ID3v2 is structurally very different from ID3v1, consisting of an extensible set of "frames" located at the start of the file. 83 types of frames are declared in the ID3v2.4 specification, and applications can also define their own types. There are standard frames for containing cover art, BPM, copyright and license, lyrics, and arbitrary text and URL data, as well as other things. Three versions of ID3v2 have been documented, each of which has extended the frame definitions.

Lyrics3v1 and Lyrics3v2 were tag standards implemented before ID3v2, for adding lyrics to mp3 files. The difference with ID3v2 is that Lyrics3 is always at the end of an MP3 file, before the ID3v1 tag.

ID3v1 

The MP3 standard did not include a method for storing file metadata. In 1996 Eric Kemp had the idea to add a small chunk of data to the audio file, thus solving the problem. The method, now known as ID3v1, quickly became the de facto standard for storing metadata in MP3s.

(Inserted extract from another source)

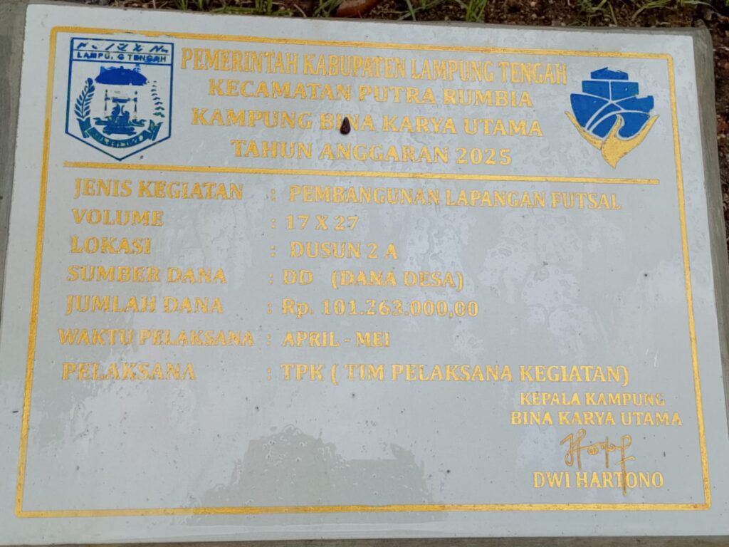 ditemukan dugaan penyimpangan anggaran dana desa di tahun anggaran 2025 yang terindikasi sebagai Tindak Pidana Korupsi yang di duga di lakukan oleh Oknum Kepala Kampung Bina Karya Utama, Kecamatan Putra Rumbia, Lampung Tengah.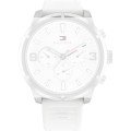 Esta bracelete de relógio Tommy Hilfiger é feita de silicone e está fixada ao relógio através de pinos de pressão. A bracelete tem uma largura de 24 mm e fecha através de fecho. A bracelete tem uma montagem a direito, o que significa que esta bracelete é adequada para todos os relógios Tommy Hilfiger com montagem da bracelete a direito.

The ID3v1 tag occupies 128 bytes, beginning with the string TAG 128 bytes from the end of the file. The tag was placed at the end of the file to maintain compatibility with older media players. If a player does not recognize the tag it would play a small burst of static instead of ignoring it. This tag allows 30 bytes each for the title, artist, album, and a "comment", four bytes for the year, and a byte to identify the genre of the song from a predefined list of 80 values (Winamp later extended this list to 148 values).

One improvement to ID3v1 was made by Michael Mutschler in 1997. Since the comment field was too small to write anything useful, he decided to trim it by two bytes and use those two bytes to store the track number. Such tags are referred to as ID3v1.1.

ID3v1 and ID3v1.1 
Strings are either space- or zero-padded. Unset string entries are filled using an empty string. ID3v1 is 128 bytes long.

ID3v1 pre-defines a set of genres denoted by numerical codes. Winamp extended the list by adding more genres in its own music player, which were later adopted by others. However, support for the extended Winamp list is not universal. In some cases, only the genres up to 125 are supported.

Enhanced TAG 
The Enhanced tag is an extra data block before an ID3v1 tag, which extends the title, artist and album fields to 60 bytes each, offers a freetext genre, a one-byte (values 0–5) speed and the start and stop time of the music in the MP3 file, e.g., for fading in. If none of the fields are used, it will be automatically omitted.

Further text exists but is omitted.